Consider syncing changes from https://github.com/ieQu1/system_monitor

Question

Consider syncing changes from https://github.com/ieQu1/system_monitor

ieQu1 opened this issue 2 years ago · comments

Hello,

We've made some significant performance optimizations in this application mostly to support systems with much larger number of processes.

Size of the delta record has been shrunk to reduce memory usage (now it only stores the pid, prev. reductions and memory, everything else is derived from the runtime data).
Postgres operations are batched
Data collection has been moved to a separate process to avoid blocking the server with requests for data
Simplified sampling algorithm
Improved postgres schema for application and function (non-BWC change)

Improvements:

"Very Important Processes": always collect metrics for a configurable list of registered processes
Added automatic tests

Andreas Hasselberg · Answer 1 · Fri Jan 20 2023 15:00:21 GMT+0800 (China Standard Time)

Hello,

I'm sorry for not getting back to you sooner. I've taken a quick look at your repo, and the changes look nice.
Let's start with the batching of Postgres operations (ieQu1/system_monitor#9). Was there a problem with the buffer in system_mointor_pg?

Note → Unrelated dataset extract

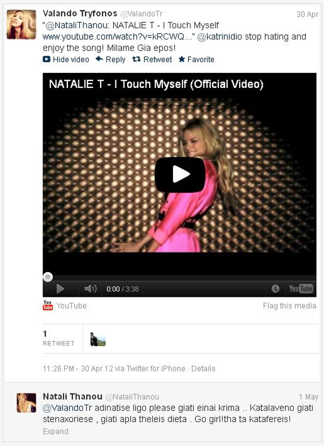 H νικήτρια του Greek Idol Ι το έκανε retweet με το εξής σχόλιο: «Stop hating and enjoy the song! (Σταμάτα να το μισείς και ευχαριστήσου το τραγούδι) Μιλάμε για έπος!». «Αδυνάτισε λίγο please, γιατί είναι κρίμα… Καταλαβαίνω γιατί στεναχωριέσαι. Γιατί απλά θέλεις δίαιτα. Go girl! (Προχώρα κορίτσι!) Θα τα καταφέρεις!», απάντησε η Νάταλι Θάνου. «Είναι το καλύτερο που μπορείς να κάνεις;» , ήταν η άμεση αντίδραση της Βαλάντως Τρύφωνος.

ieQu1 · Answer 2 · Thu Jan 26 2023 18:02:07 GMT+0800 (China Standard Time)

Hello,

We tried running the original version in AWS and observed multiple instances of uncontrollable queue growth. We narrowed the problem down to this line: https://github.com/ieQu1/system_monitor/pull/9/files#diff-082e02f4b708d7d67c27819cfb3cfc8ebd48b3140671fe51eefbaf454ceaac5aL100
The issue boils down to network latency: in the original implementation the round trip time is added to each individual request, so time to insert N entries is (t_q + 2 t_n) * N where t_q is the time Postgres spends executing the actual query (it's miniscule) and t_n is network latency.
In the updated version the total time to insert N entries is just t_q * N + 2 t_n. This solved our issue.

Andreas Hasselberg · Answer 3 · Fri Jan 27 2023 17:10:59 GMT+0800 (China Standard Time)

I see the benefits of batching the Postgres requests and would like to merge that into our repo. When looking at the PR where you introduced Postgres batching, I noticed that you removed a buffer. The buffer was meant to hold some data when the Postgres connections didn't have a connection to Postgres.
The reason we introduced this was that we would got gaps in the system monitor data when the Postgres connection was down. These gaps occurred during network instabilities at our cloud provider, which is a time when system monitor data is extra valuable.
To this day, we have not noticed any problems with the buffer. Did you? Do you think we can include the buffering of postgres requests without removing the buffer that hold data when the postgres connection is down?

ieQu1 · Answer 4 · Fri Jan 27 2023 18:30:40 GMT+0800 (China Standard Time)

Sorry, I misunderstood the question then. If I remember correct, we decided that it's better to lose some datapoints than to be OOM-killed when the queue grows (since the queue is in RAM, and our system is sometimes deployed on very low-spec servers with little RAM).
We didn't run a separate test with queue and batching, it was all changed in a single commit.

Andreas Hasselberg · Answer 5 · Sun Jan 29 2023 04:52:48 GMT+0800 (China Standard Time)

I've started to sync the changes here: #20
Let me know what you think. I'll continue with the smaller delta record when I'm back at work.

ieQu1 · Answer 6 · Mon Jan 30 2023 00:37:19 GMT+0800 (China Standard Time)

P.S. If you want to revert the change that removed the queue, WDYT about using https://github.com/emqx/replayq ? It can offload data to disk and maintain a limit on the buffer size.

Andreas Hasselberg · Answer 7 · Mon Jan 30 2023 18:18:21 GMT+0800 (China Standard Time)

The intention is that the buffer should not grow indefinitely. It has a max size that can be configured using an app env. As we haven't seen any problems with the buffer, I will not spend time fixing it. If you want to make a PR to start using replayq, I'll look at it.

Andreas Hasselberg · Answer 8 · Mon Feb 06 2023 15:10:03 GMT+0800 (China Standard Time)

Thanks for highlighting the changes in your fork of this repo. I am interested in some of the other stuff you have changed, but I need more time to pick these things out of your repo.
In the future, would it be possible for you to pull request changes that you would like to get into this repo?